First Methodist Episcopal Church

Millville
founded 1807, built 1868
North 2nd (Route 47) & East Pine

Millville's first Methodist Society was organized in 1807 when the Cumberland circuit was set off from the Salem circuit. Today the Methodists of Millville are served by seven different churches, but this was the first. This fine Neoclassical-Romanesque hybrid church was erected in 1868. The windows and entrance are Romanesque, but the clock tower seems to be more in the classic New England style. It sits across the street from the First Presbyterian church and three blocks north of Trinity Methodist church, erected in 1881.
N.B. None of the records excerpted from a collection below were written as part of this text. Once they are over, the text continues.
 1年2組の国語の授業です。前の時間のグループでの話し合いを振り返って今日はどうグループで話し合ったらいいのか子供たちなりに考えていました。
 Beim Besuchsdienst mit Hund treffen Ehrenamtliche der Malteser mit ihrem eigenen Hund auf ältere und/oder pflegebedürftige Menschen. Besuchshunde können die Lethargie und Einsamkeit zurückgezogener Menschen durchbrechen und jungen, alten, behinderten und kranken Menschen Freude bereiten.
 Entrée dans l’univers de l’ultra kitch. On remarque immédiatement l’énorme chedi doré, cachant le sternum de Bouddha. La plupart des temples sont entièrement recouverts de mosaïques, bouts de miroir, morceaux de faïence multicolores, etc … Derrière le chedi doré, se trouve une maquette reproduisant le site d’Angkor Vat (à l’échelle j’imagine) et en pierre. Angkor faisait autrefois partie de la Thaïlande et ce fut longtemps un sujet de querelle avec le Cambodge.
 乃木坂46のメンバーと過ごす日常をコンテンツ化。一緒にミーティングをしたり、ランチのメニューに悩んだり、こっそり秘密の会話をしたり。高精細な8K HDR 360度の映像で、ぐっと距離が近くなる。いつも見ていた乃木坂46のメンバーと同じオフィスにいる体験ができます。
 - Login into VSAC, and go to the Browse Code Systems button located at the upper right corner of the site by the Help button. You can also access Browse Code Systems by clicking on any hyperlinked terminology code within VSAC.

Millville can trace its origins to a site three miles north of the city to an area known as the Union, where grist and saw mills were built in the early 18th century. The Maurice River was dammed to provide water to power the mills, and the area became known as Union Mills. In 1795, Col. Joseph Buck, who had served in the Revolutionary War, began to lay out the streets and sell lots. He used the name of Millville for his project. It was incorporated as a city in 1866.



















Trinity Methodist Episcopal Church

Millville
founded 1837, built 1881

Trinity Methodist was founded in 1837 and this substantial late Victorian church, much in the high Methodist idiom of the era, was erected in 1881. The white wooden tracery in the windows, the belfry and the lighter colored stone capping the buttresses is dramatically set off from the red brick building. By the waning decades of the nineteenth century architects were borrowing elements from many styles, exaggerating the size of windows and entrances, adding gables and turrets, emphasizing quoins and buttresses with different colored stone or brick, and giving additional prominence to the surface of the building and not just to its form and mass. The building occupies a prominent location, only three blocks from the First Methodist church, which was erected in 1868.
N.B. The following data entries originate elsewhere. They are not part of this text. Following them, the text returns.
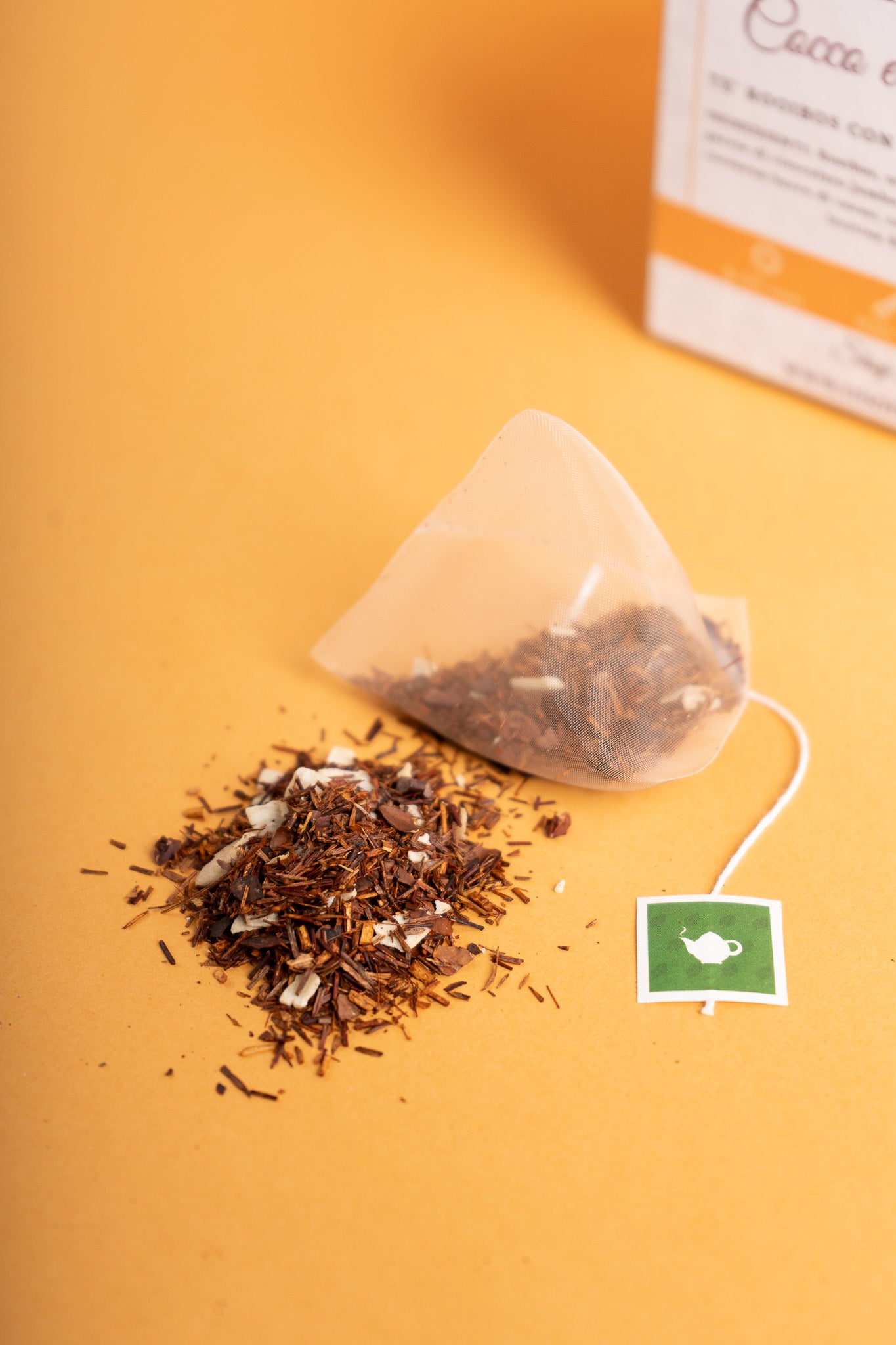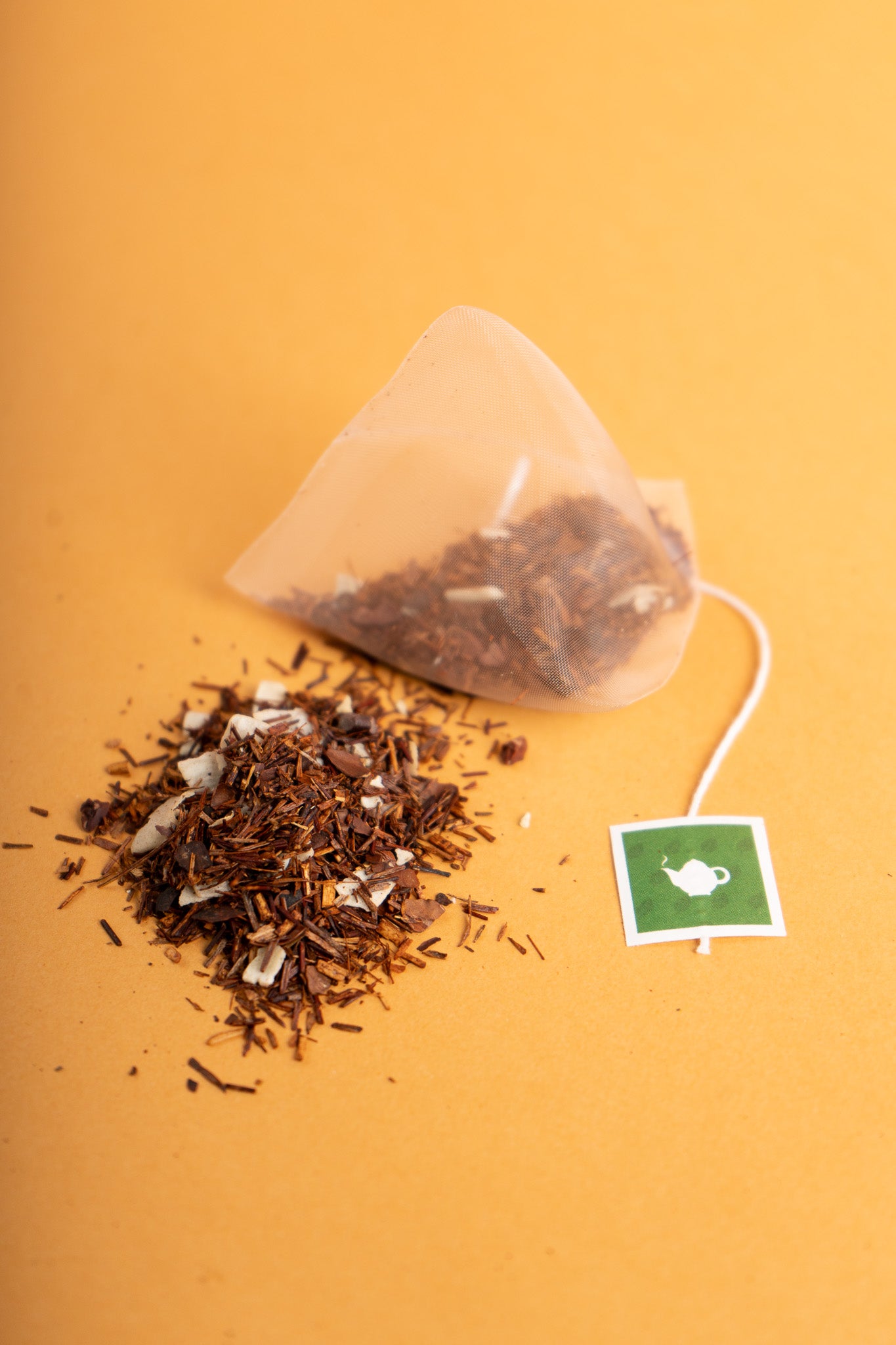 Rooibois, scaglie di cocco, pezzettini di cacao, gocce di cioccolato Jumbo (zucchero, macinato di fave di cacao con burro di cacao, cacao in polvere, emulsionante, leticina di soia), aroma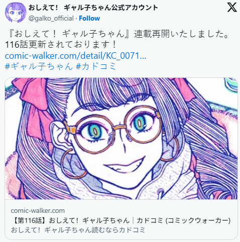 此次新章节上线后,X平台迅速涌入粉丝留言,如“没想到辣妹纸还能回归!”“连载重启太开心了!”等。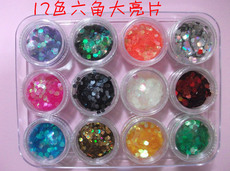 光疗指甲油胶亮片大六角大亮片12色一套美甲产品镭射亮粉片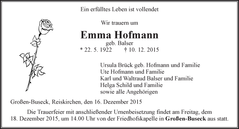 Hier finden Sie alle Traueranzeigen aus der Zeitung, die bisher für Emma Hofmann erschienen sind. Weitere Traueranzeigen, die in der Zeitung erscheinen, werden hier ebenfalls aufgelistet

Second Methodist Protestant Church
Millville
founded 18--, built c1889-1915












First Presbyterian Church
Millville
founded c.1837, built 1891

This interesting late Romanesque-Gothic hybrid church was erected in 1891, on a large city block between the Methodist and Baptist churches. It has Gothic arches, multiple gables, buttresses and the gargoyles from the Gothic, mixed with the round arches and rusticated stone and timber characteristic of much of the Romanesque. The congregation was organized by 1837. It was obviously designed for an upscale congregation, with a porte-cochere (carriageway) in the rear. The architect was Isaac Pursell of Philadelphia, I believe; he also designed the exceptional First Baptist church in Freehold (Monmouth county).













Central Baptist Church
Millville
founded 1842, built 1897

Millville's Central Baptist church sits in the middle of a row of late 19th century churches, one block off the main business street in the city. The congregation was organized in 1842 and this church was erected in 1897, the last of the four to be built. The square tower with the quoins surrounding the windows and the tower's edges, and the little railing around the belfry are elements borrowed from the neo-classical designs of Wren-Gibbs churches, but the asymmetry of the overall plan is clearly from a later Victorian mode. It sits down the street from the Trinity Methodist church and adjacent to the First Presbyterian church, built six years earlier.